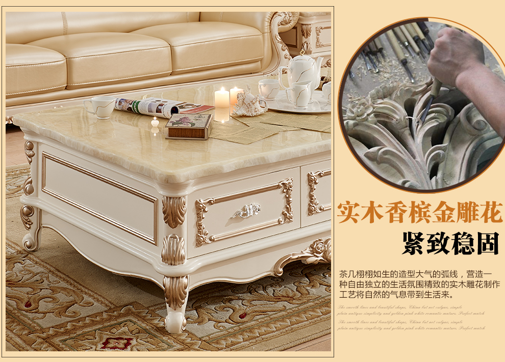 夢美斯宣欧式ソファー欧式本革ソファーセットヘッド層牛革大戸型別荘リビングルーム全実木ソファ798セット1+2+3(白米Aタイプ)
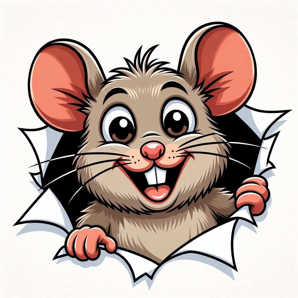 A cute cartoon mouse with big eyes and a wide smile peeks through a jagged tear in white paper. The mouse has brown fur, pink ears, and paws gripping the edges of the rip. It appears playful and animated on an isolated white background.
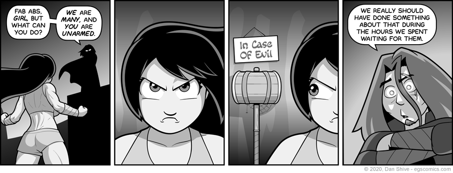 I debated whether to make a joke about stored equipment, the implication being that Rhoda was just carrying a giant hammer around much like Susan somehow carried all of her potions and such around, or what's seen above.
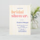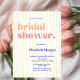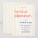 Esta simple y boho invitación a la ducha de novia presenta una tipografía retro con fondo de rayas amarillas. Estas invitaciones a la ducha de novias se personalizan fácilmente para tu evento simplemente añadiendo tus detalles.
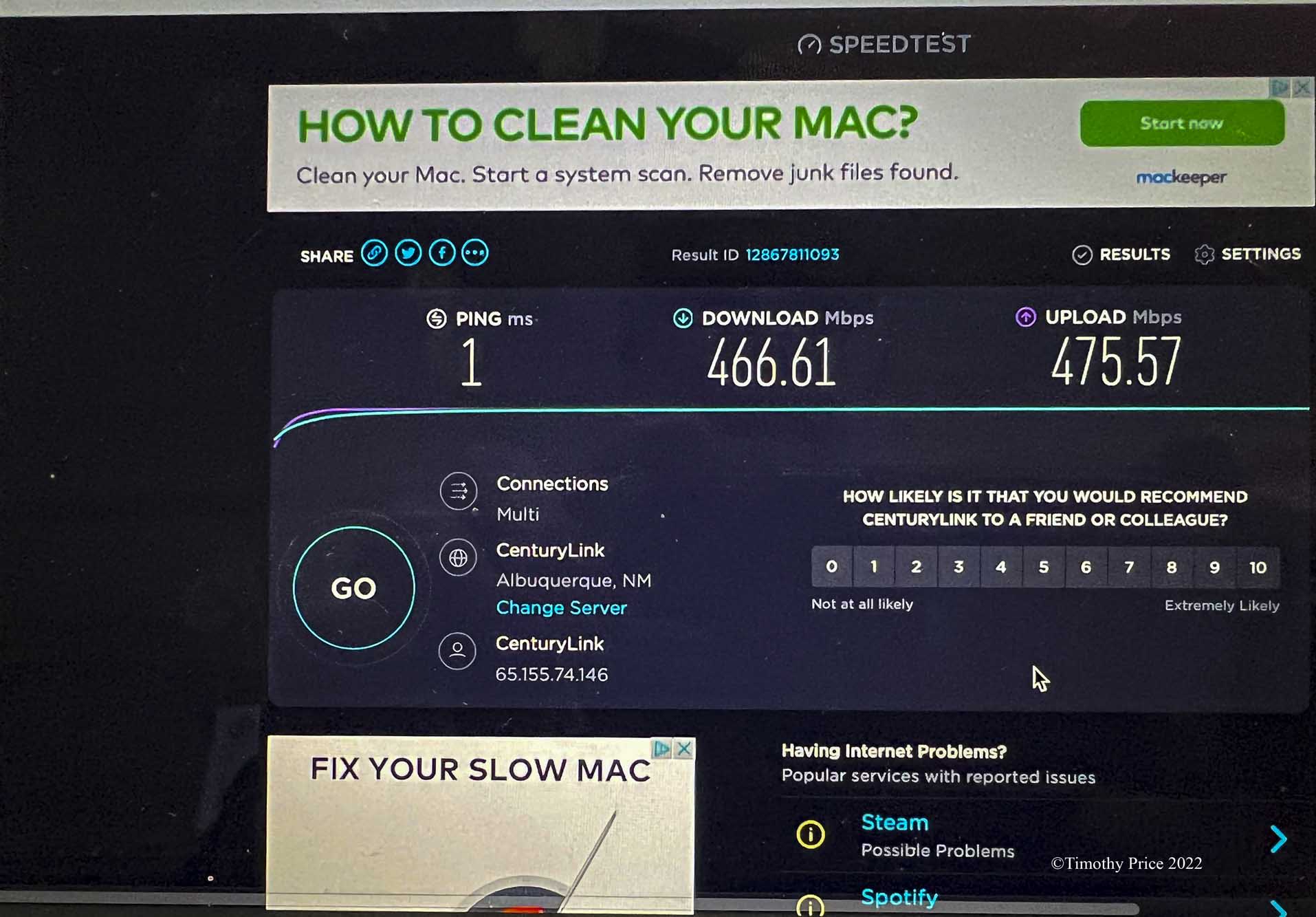 I got home very late tonight after helping the CenturyLink/Lumen tech get us connected to the fiber in our building and troubleshooting the upload speed. After two hours of troubleshooting, we got a good clock speed on Speed Test.
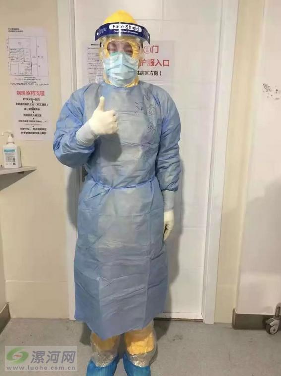 14:20,到達(dá)華中科技大學(xué)同濟(jì)醫(yī)院。直接刷門禁卡走醫(yī)務(wù)人員專用通道,換上洗手衣,然后開始武裝,感控老師很認(rèn)真地把我的頭發(fā)又梳了梳,盤的發(fā)髻不能太高,太高的話帽子會包不嚴(yán)下面的頭發(fā),太低的話前面的額頭包不住。然后開始從上到下一層一層的穿。
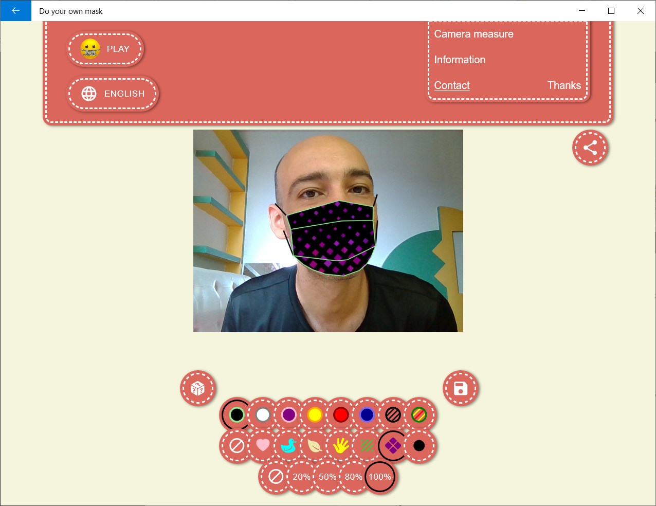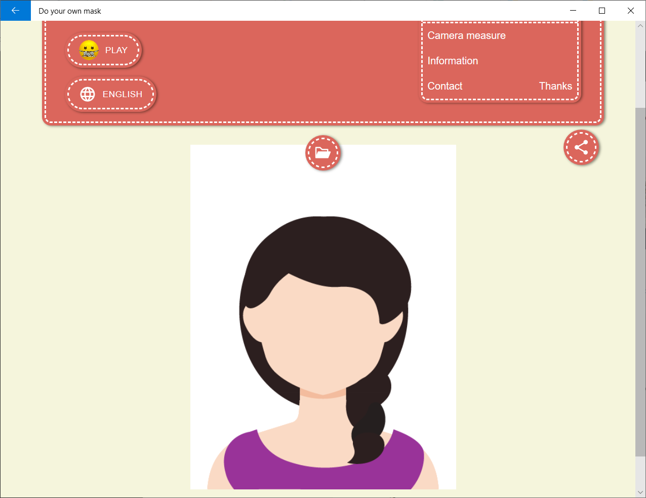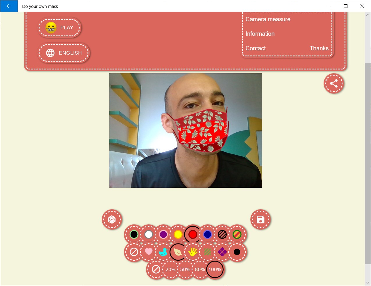 You can use your camera to detect the size and shape of your face using our face detection feature. It will generate a sewing pattern adapted to your face. You can also select and print standard patterns for kids or adults.
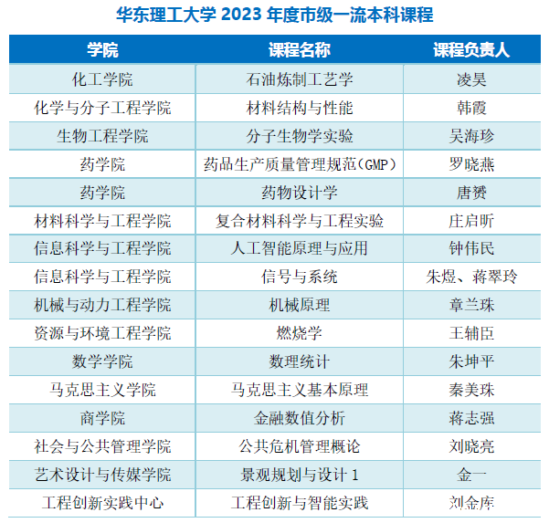 近日,上海市教委公布了2023年度上海高等学校一流本科课程认定结果,共计400门课程获得认定,我校16门课程榜上有名。截至目前,我校共有上海市一流本科课程63门。

> **The problem**:
Your response must consist of the lines from the beginning of the data through the line containing "Esta simple y", transcribed exactly, with no pictures.

> **Solution to the problem**:
 夢美斯宣欧式ソファー欧式本革ソファーセットヘッド層牛革大戸型別荘リビングルーム全実木ソファ798セット1+2+3(白米Aタイプ)
 A cute cartoon mouse with big eyes and a wide smile peeks through a jagged tear in white paper. The mouse has brown fur, pink ears, and paws gripping the edges of the rip. It appears playful and animated on an isolated white background.
 I debated whether to make a joke about stored equipment, the implication being that Rhoda was just carrying a giant hammer around much like Susan somehow carried all of her potions and such around, or what's seen above.
 Esta simple y boho invitación a la ducha de novia presenta una tipografía retro con fondo de rayas amarillas. Estas invitaciones a la ducha de novias se personalizan fácilmente para tu evento simplemente añadiendo tus detalles.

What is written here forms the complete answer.